なりふり構わず仕事に没頭できるし、スカートだと日焼け止めを塗ったり手間がかかるからです。
ストッキング(ほとんど履きませんが)やタイツにコストがかかるからという理由もありますね。

はじまりはデニムパンツ

最初に手を出したのはデニムパンツ。
デニムは好きではありませんでしたが、みんな履いていたし、雑誌でもよく特集されていたので持つべきアイテムだと思いました。

ふむ。
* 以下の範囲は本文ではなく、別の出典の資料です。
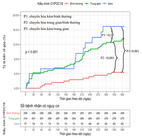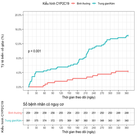 Kết quả: Tỉ lệ đột biến gen giảm chức năng CYP2C19 trong nghiên cứu là 60,1% (48,3% kiểu hình chuyển hóa trung gian và 11,9% kiểu hình chuyển hoá kém). Sau 1 năm theo dõi, tỉ lệ MACE là 9,7%. Trong đó, tỉ lệ MACE ở nhóm chuyển hóa kém là 15,6%, nhóm chuyển hóa trung gian là 12,7% và nhóm chuyển hóa bình thường là 4,2%, sự khác biệt có ý nghĩa với p = 0,0002. Phân tích đa biến cho thấy kiểu hình giảm chức năng CYP2C19 allele 2 và 3 là yếu tố dự đoán độc lập MACE trong 1 năm với OR=3,435, p < 0,001.
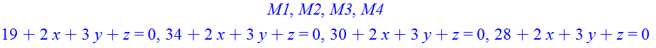 seq(Equation(plane(Q||i, [M||i, n], [x,y,z])), i=1..nops(L));
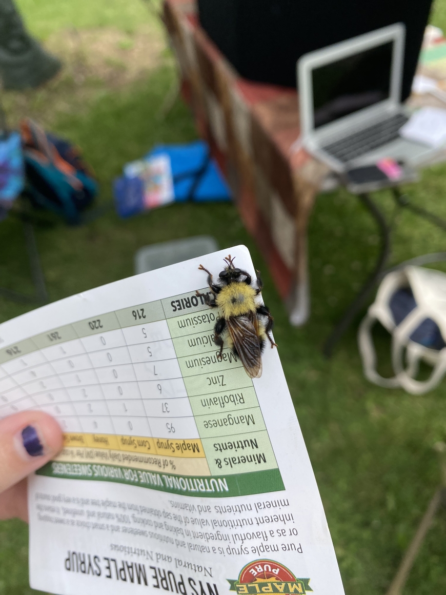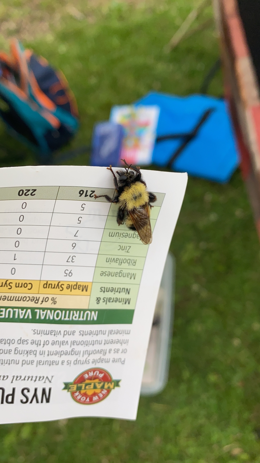Visited by a bumblebee robber fly at the canton farmers market! These flies are cleverly disguised as bees with their yellow and black coloration and fuzzy bodies - but a closer look and a few clues will give away their status as flies (members of the Diptera order). First - this guy only has one pair of wings. Bees have two pairs! He’s got short antennae, and his eyes are more round whereas bees generally have oval shaped eyes. Finally the giveaway that this isn’t just any fly, but a robber fly - the mustache (technical name: mystax, a collection of stuff bristles on the face). Robber flies are incredible predatory flies that eat mainly other insects by waiting in ambush and catching them in flight!!
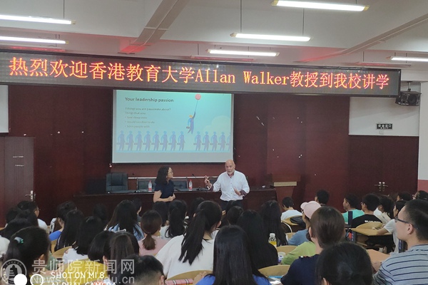 本网讯 6月26日,香港教育大学教育与人类发展学院院长、博士生导师Alan Walker教授亲临万象城网页版宁静楼学术报告厅,为教育科学院全体学生干部开设了主题为“未来学校的领导力”的讲座。此次讲座由教育科学学院刘红院长主持,香港教育大学钱海燕教授翻译。
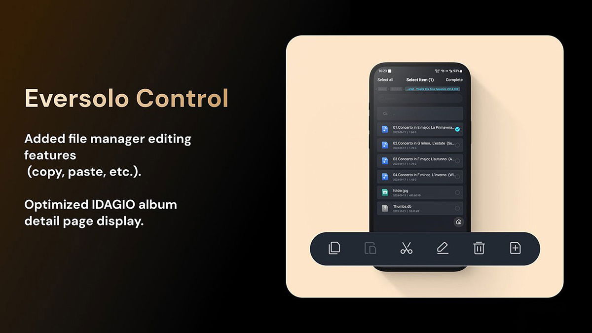 Se han mejorado aún más las características de la interfaz, la compatibilidad con idiomas y la corrección de errores. Los usuarios que utilizan almacenamiento interno verán mejorada la compatibilidad y la detección de SSD. Varias actualizaciones específicas de cada modelo completan el lanzamiento, incluyendo una opción de ganancia de phono para los modelos de la serie PLAY, una corrección de la pantalla para los usuarios del Eversolo DMP-A10 y herramientas básicas de gestión de archivos añadidas a la aplicación de control Eversolo.
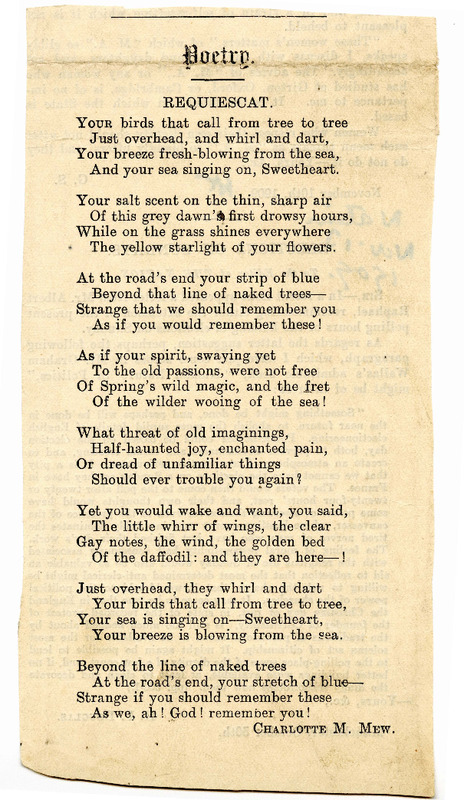 Charlotte Mew's clippings of Requiescat from the Nation, November 11, 1909
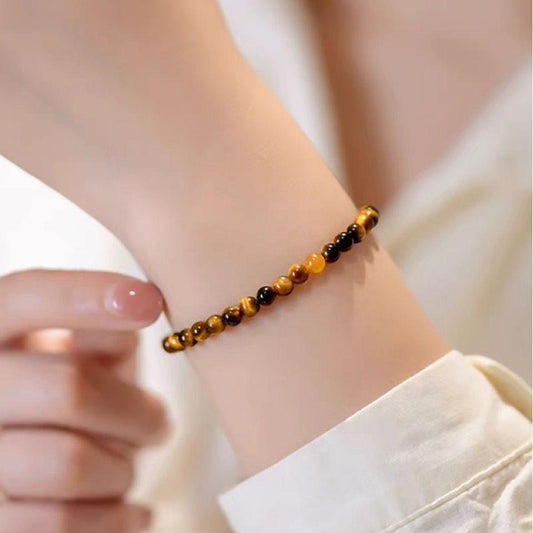 4mm Natural Tiger's Eye Bracelet - Unisex Retro Energy Jewelry
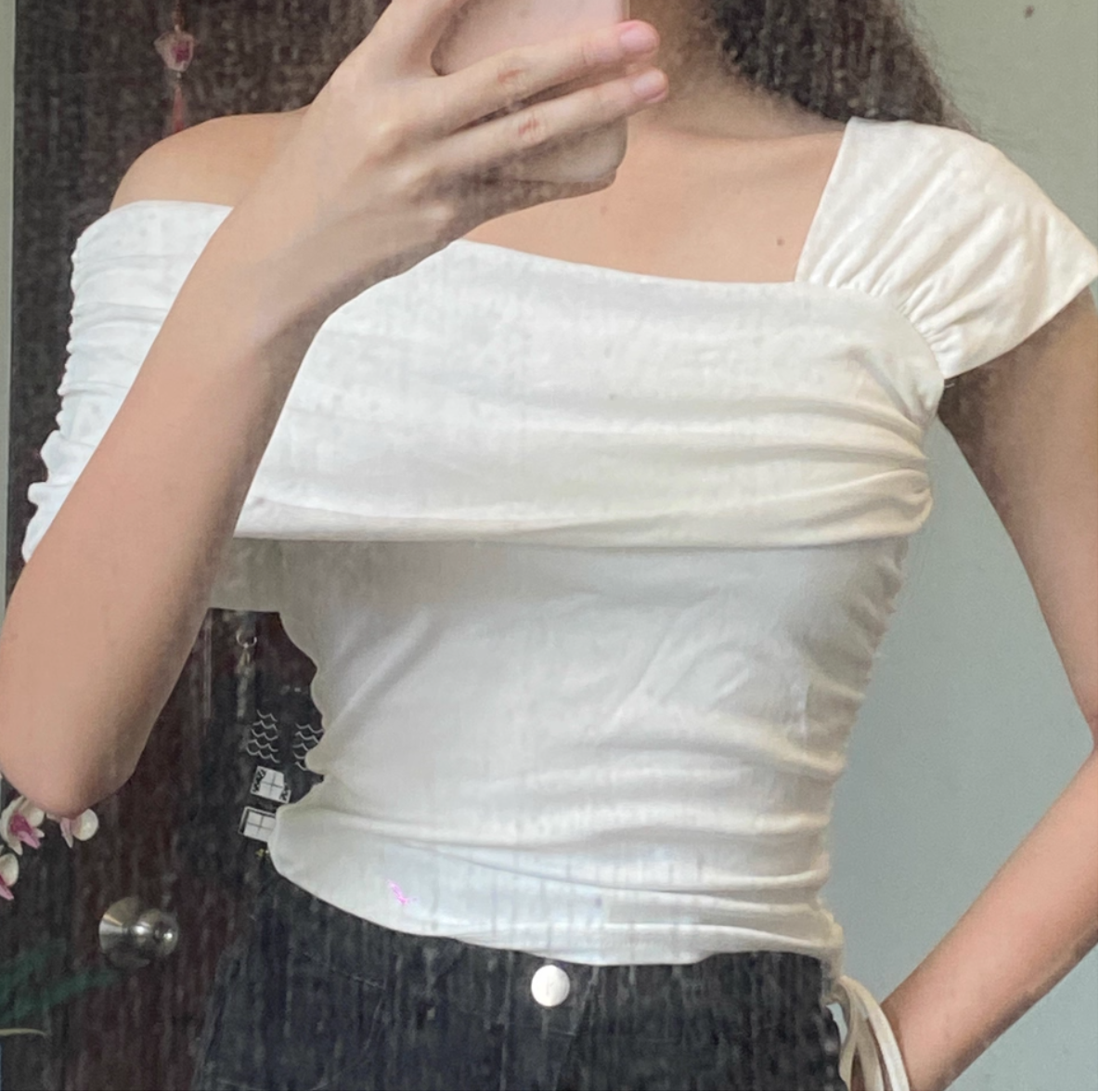 有小设计的一字肩T恤!
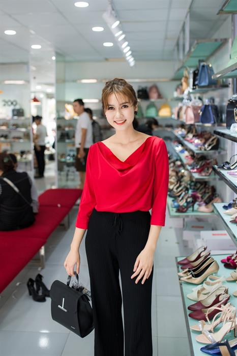 Diện trang phục đỏ nổi bật, Ninh Hoàng Ngân tỉ mỉ lựa chọn, lắng nghe tư vấn từ phía nhân viên để tìm kiếm những đôi giày phù hợp cho mình. Người đẹp bày tỏ niềm thích thú trước mẫu giày chống ế bởi kiểu dáng thời trang, phù hợp với vóc dáng cô và mức giá hợp lý. Sau Hương Giang, Ngọc Hân, Mỹ Linh... Ninh Hoàng Ngân hóm hỉnh cho biết mình sẽ chính thức gia nhập hội “Hoa hậu giản dị nhất Việt Nam”.
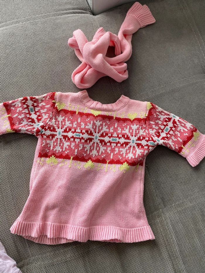 Lot vêtements bébé fille 1 mois pull laine , écharpe et salopette chaude, chaussons
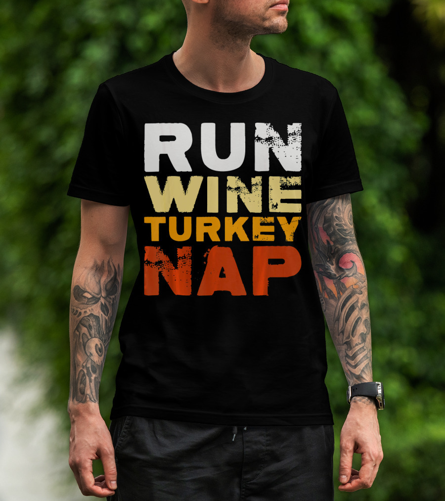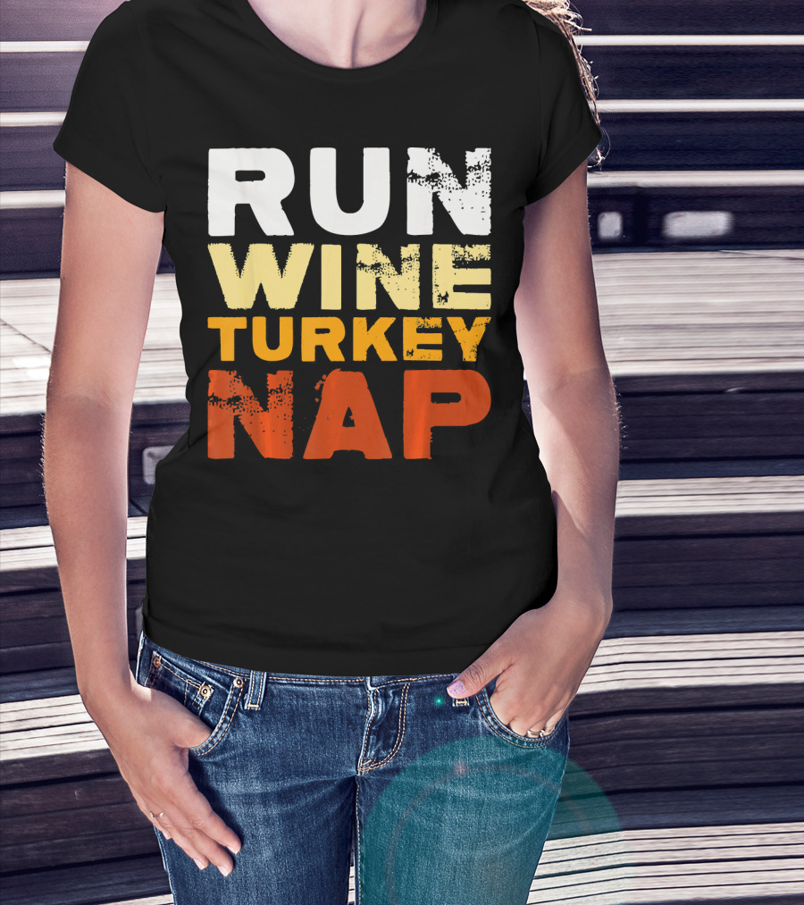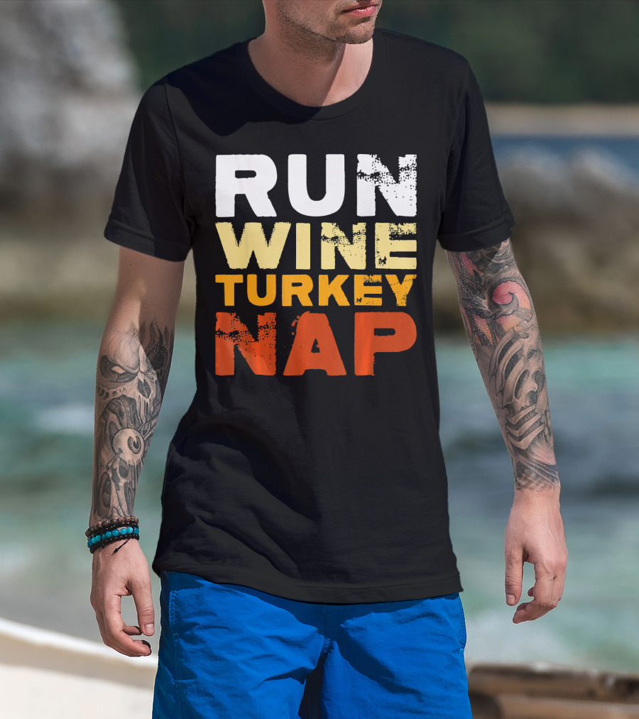 Run Wine Turkey Nap Thanksgiving Humor T-Shirt

確かにデニムマジック。
どんな服を合わせても様になって、それなりのスタイルに見えます。
家でも外でもデニムで過ごしました。

おしゃれに自信がなかった私はそこそこおしゃれにみえて、雑誌のような格好ができたことに浮かれていました。
…のは最初だけ。
すぐに「デニムはしんどい」と気づきました。

デイリーに履けない!苦しすぎるデニムパンツ

デニムって疲れます。
まず重たい。
初めて購入したのはデニム専門店で買った、色落ち加工の施されたシンプルなボーイフレンドデニム。
ストレッチは入っておらず、綿100%。
デニムらしいデニムでした。
重くて硬くて、履きこんでいるうちに柔らかくなり体型にフィットしていくジーンズ。
いつか、いつか楽になれると頑張って履いてみましたが、ずっとしんどいままでした。
ベルトの重ささえ苦痛を感じるようになりました。

デニムパンツに苦痛を感じながらも、そこは若さ故の頑張りでカバー。

引きずった裾が少し綻んできたのを機会に手放しました。
数年くらい履いたように思います。
ジーンズ愛好家からしたら、「これからだろう」と思われる微々たるダメージで手放す私は、やはりデニムには向いていないのかもしれません。

機能派カラーデニムパンツに大満足

パンツボトムの便利さは甘受しましたが、デニムパンツの洗礼を受けました。

デイリーに履くにはもう少し楽なものが良い。

出会ってしまったかもしれないマイ・ベスト・パンツ

次に購入したパンツボトムもデニム。
とは言ってもインディゴ染めではなく、黒のカラーデニム。
綿100%でなくポリエステルやポリウレタンが混紡されていました。
商品説明には、「夏に涼しく冬に暖かい」と書かれていました。
履いてみたら、化繊が混紡されているだけあって、通常のデニムより軽い!
そして何より気に入ったのがまた上が深いこと。
当時ローライズが流行っていて、売れれているパンツボトムはまた上が浅いものばかり。
ローライズがどうしても気に入らず、商品選びに苦心しました。
ようやくデニム売り場で1種類だけあったまた上深めの機能性カラーパンツを見つけたのです。
持っていたデニムに感じていた不満を解決する理想のパンツボトムでした。

少しお高かったのですが、当時パンツボトムは1本主義。
全ワードローブでパンツは一本だけしか持ちません。
たくさん履けば元が取れることは分かっていたので購入を決意しました。
思い返せば、世間知らずな若かりしときの方が私はずっと堅実で理にかなった行動をしていました。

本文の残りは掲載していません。